[Exercise requirements] From the first line to the last, copy the listing exactly and omit the pictures.

[Information supplied]
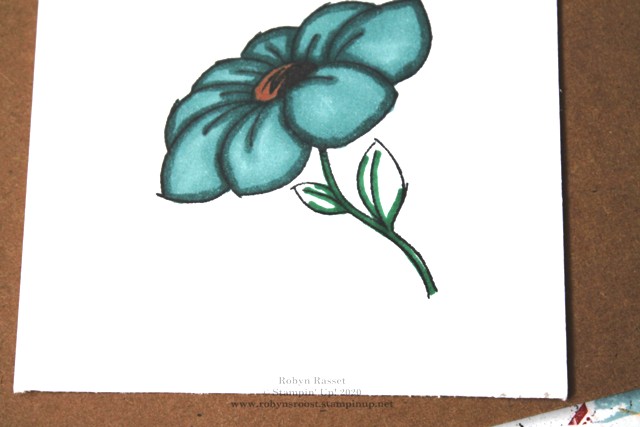 5.  Color the leaves and stem with a green Stampin’ Blend.  Use the dark green color right under the flower and where the leaves meet the stems. Then go over everything with the lighter green.
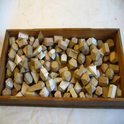 Modelos cristalográficos. Colección de más de cien figuras cristalográficas hechas de papel, de diverso tipo y sistema. El conjunto está compuesto de: -Formas sencillas. -Combinaciones de figuras. -Maclas (agrupaciones simétricas de cristales idénticos).
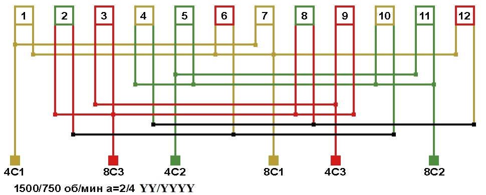 Схема соединений двухскоростной обмотки. 2p=4/8, 1500/750 об/мин., а=2/4, соединение фаз YY/YYYY.

[Answer]
 5.  Color the leaves and stem with a green Stampin’ Blend.  Use the dark green color right under the flower and where the leaves meet the stems. Then go over everything with the lighter green.
 Modelos cristalográficos. Colección de más de cien figuras cristalográficas hechas de papel, de diverso tipo y sistema. El conjunto está compuesto de: -Formas sencillas. -Combinaciones de figuras. -Maclas (agrupaciones simétricas de cristales idénticos).
 Схема соединений двухскоростной обмотки. 2p=4/8, 1500/750 об/мин., а=2/4, соединение фаз YY/YYYY.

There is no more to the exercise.